Because of THE FOUNDER’S TRAP, the crisis and the pain are permanent.  When the Board meeting ends, there is no management, no investors, and the Board and the Corporate Secretary resign the next day.

Details: How to Avoid The Founder’s Trap:

By not “reading” the Founder’s emotions, and the Founder’s lack of commitment to the strategic direction requiring new management, many months of time is wasted by Tom, Board members, and potential investors.  The questions remain:

  1. How do we assess the Founder’s preparation to move forward?
  2. How do we nurture and guide the process along a successful strategic path?
  1. How do we prepare early to pull out, if the Founder’s commitment is in question?

As an investor, and as a professional working to develop a company, you must understand a Founder’s thinking and emotional commitment before you invest your time.  In this case, because the company lacked the funds to proceed, there was only one true economic and business direction.  It was so clear to us; we could not see or envision an alternative direction.  We were blind-sided by our own narrowed vision.

Each situation is different.

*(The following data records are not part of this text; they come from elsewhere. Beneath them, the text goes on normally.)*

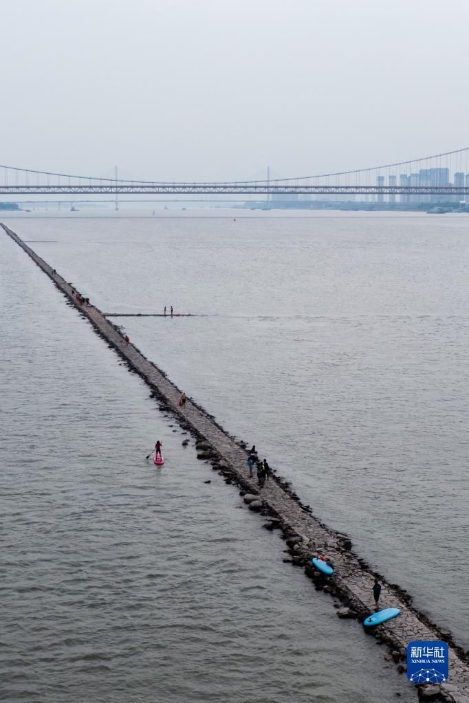 首页 水位持续下降 长江武汉段露出江心小道 2022-09-02 10:40:51 分享 9月1日,长江武汉段露出一条江心小道(无人机照片)。近日,长江武汉段水位持续降低,一条江心小道露出江面。截至9月1日20时,长江汉口站水位为14.67米,远低于历史同期平均水位。新华社记者 伍志尊 摄
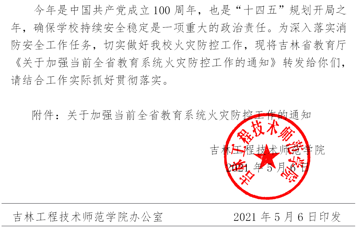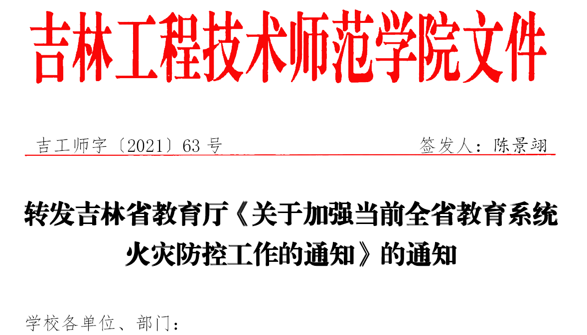 吉工师字〔2021〕63号 转发吉林省教育厅《关于加强当前全省教育系统火灾防控工作的通知》的通知
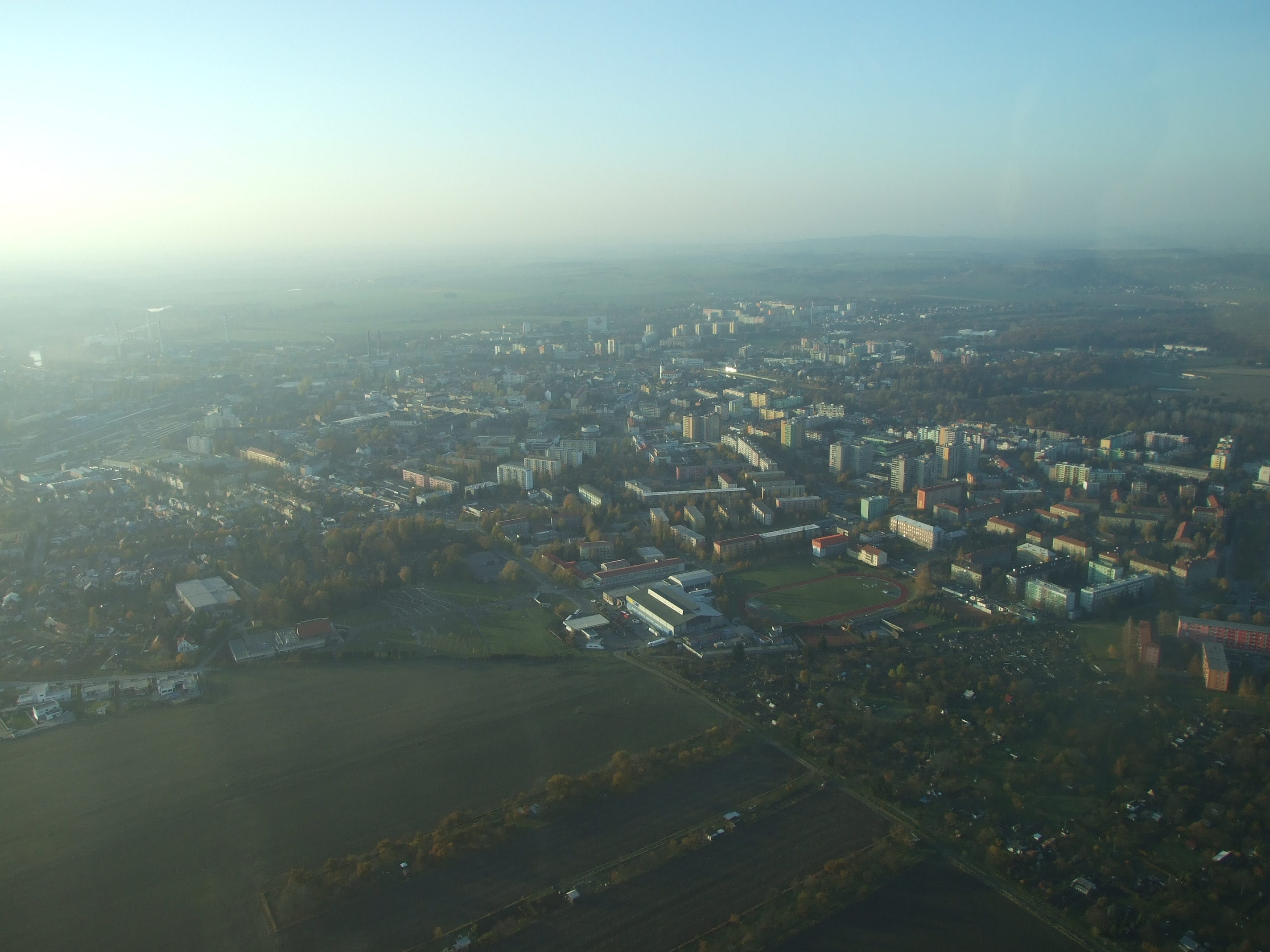 Fotografie areálu TJ Sokol Újezdec, města Přerova a několika okolních vesnic ze dne 3.11.2011. Bohužel nebyly příliš dobré podmínky na focení, viditelnost okolo 6km, opar spolu se špinavým oknem letadla a všudy přítomným smogem vykonali své. Foceno z výšky přibližně 2000 stop.
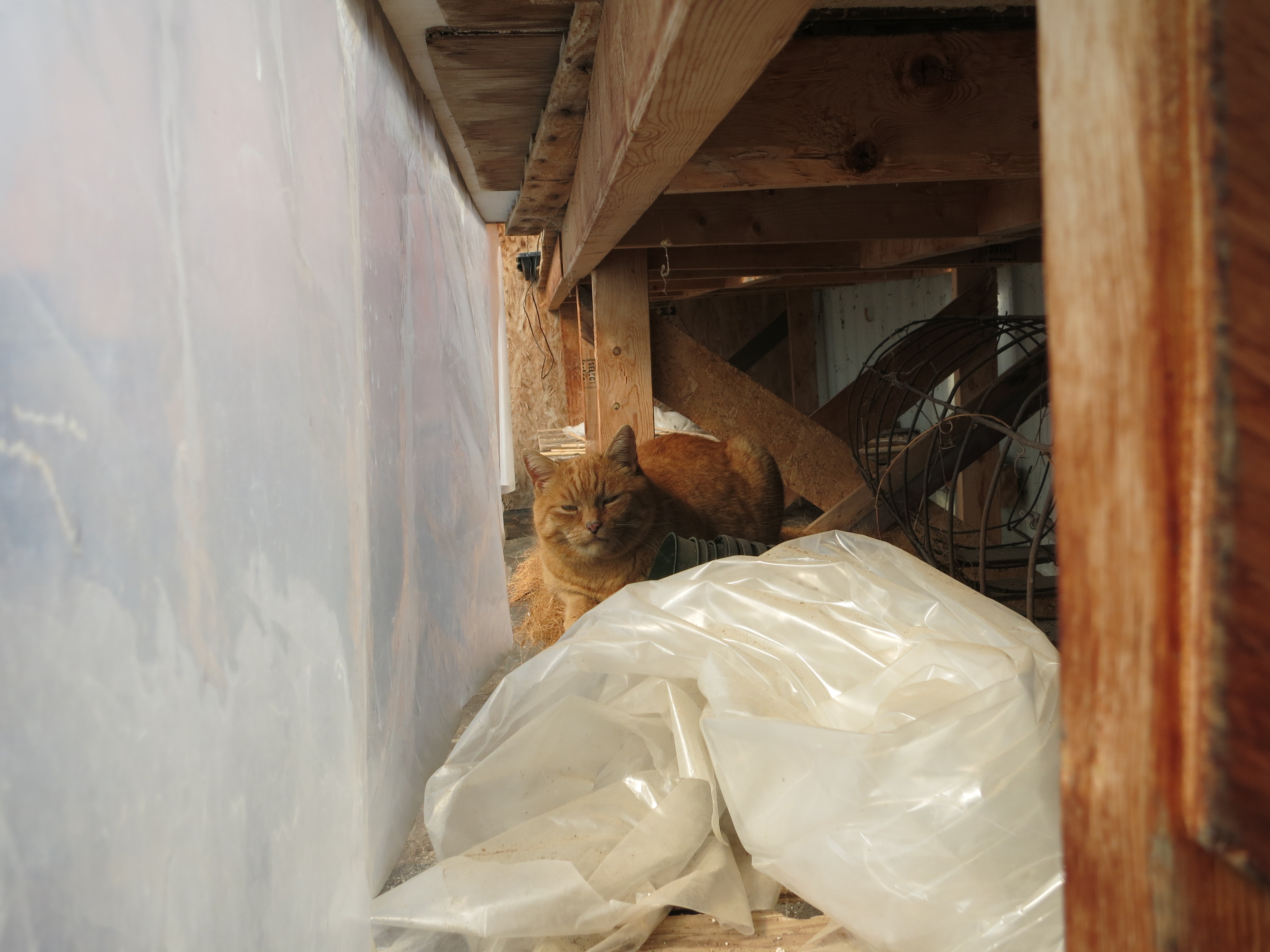 Now that the greenhouse is being used to grow plants, the big losers are the cats. All winter they enjoyed sunning & sleeping in the warmth.

However, there are tools I have successfully used, early in relationships, to document realistic organizational and financial strategies.  These are the sharing of ideas and getting agreements, hopefully in writing, regarding the strategic direction. It is important to never assume the Founder thinks like you do.  With this early preparation, the professional and the investor can gain confidence in the future or, lacking comfort with the Founder’s comment, elect to walk away early.